Below are records with pictures in them. Output exactly the lines from the one with "לבית סלון גדול" through the one with "3-местная розетка Bylectrica", both included, and leave every picture out; give only those lines.

#### EXCERPTED DATA

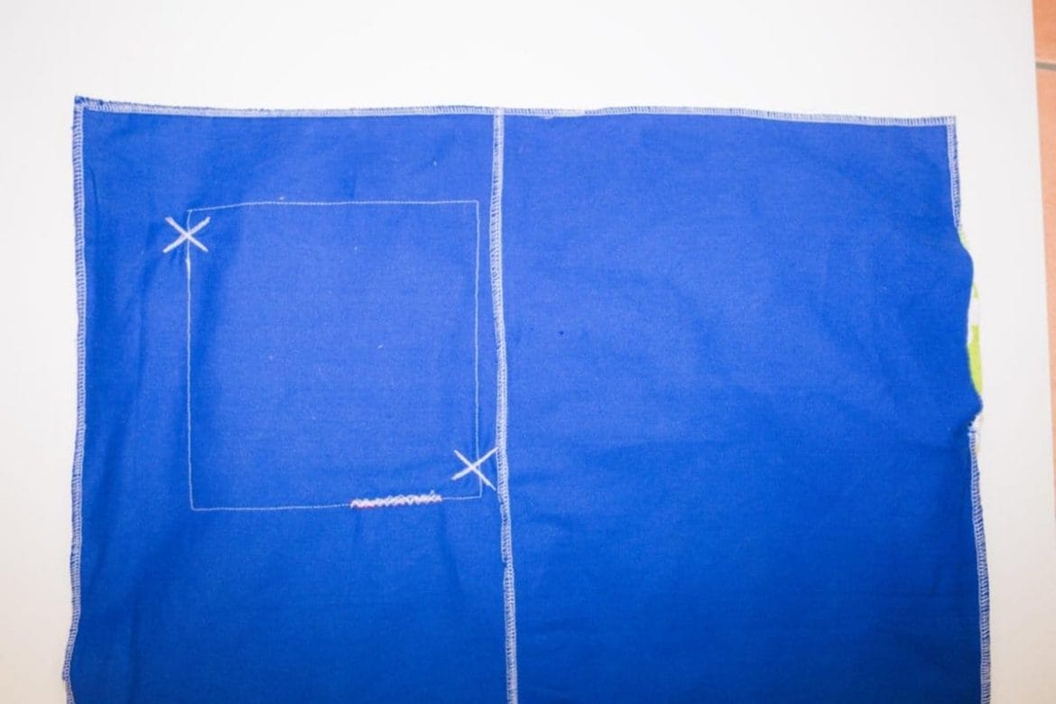 jeweils in derselben gewünschten Grösse. In meinem Beispiel sind die Rechtecke 60 x 70 cm gross. Es empfiehlt sich aufgrund der Stabilität nicht allzu dünne Stoffe zu verwenden.
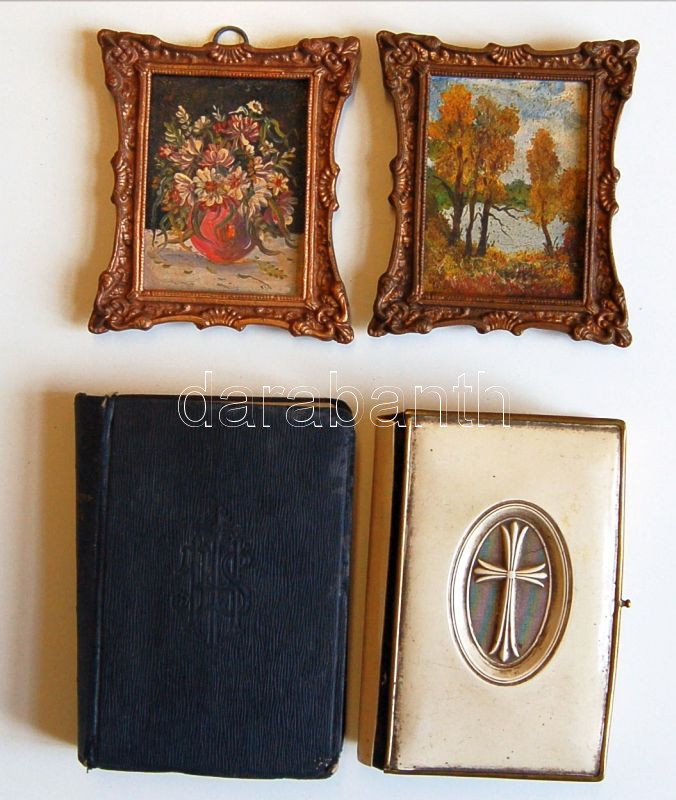 Beschreibung: cca 1890-1930: 2 db imakönyv + 2 kisméretű fémkeretes, fém hátterű kép
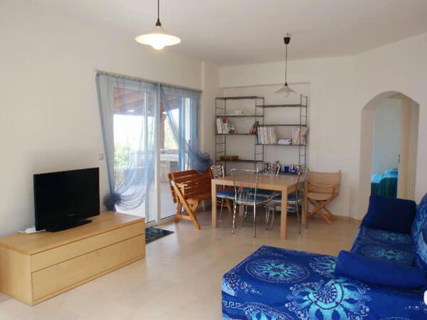 לבית סלון גדול עם כמין פתוח, מטבח, 2 חדרי שינה, חדר רחצה ומרפסת גדולה עם פרגולה מעץ,
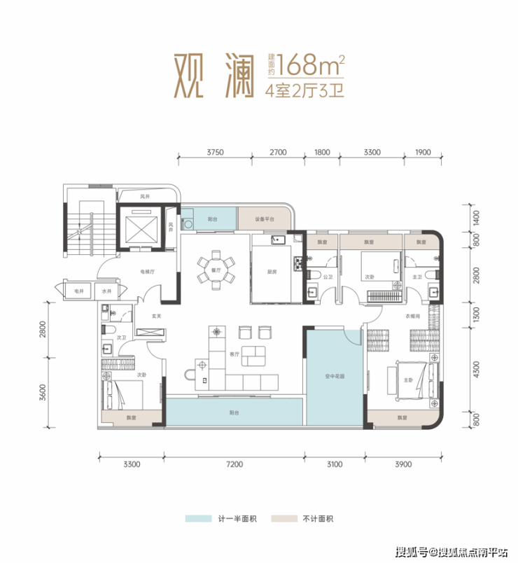 建面约168㎡:实得面积媲美其他盘190㎡,私梯入户+南向总面宽约17.5米+客厅面宽约7.2米+南向全面屏观景阳台。
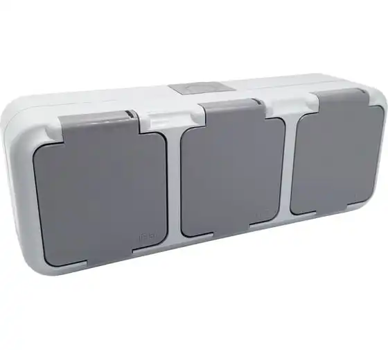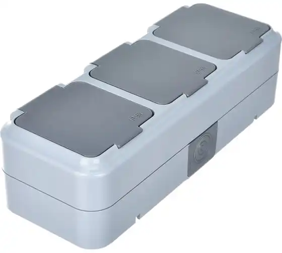 3-местная розетка Bylectrica ОУ с с заземлением, IP54, серия ПРАЛЕСКА АКВА, серый, РА16-0132(03)
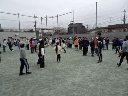 今日の5・6年生の朝のランランタイムの長縄は、記録会でした。少し寒い朝でしたが、声を掛け合いながらみんなで記録を伸ばそうと頑張りました。これまでの練習の成果は発揮できたでしょうか?

########

## SOLUTION
 לבית סלון גדול עם כמין פתוח, מטבח, 2 חדרי שינה, חדר רחצה ומרפסת גדולה עם פרגולה מעץ,
 建面约168㎡:实得面积媲美其他盘190㎡,私梯入户+南向总面宽约17.5米+客厅面宽约7.2米+南向全面屏观景阳台。
 3-местная розетка Bylectrica ОУ с с заземлением, IP54, серия ПРАЛЕСКА АКВА, серый, РА16-0132(03)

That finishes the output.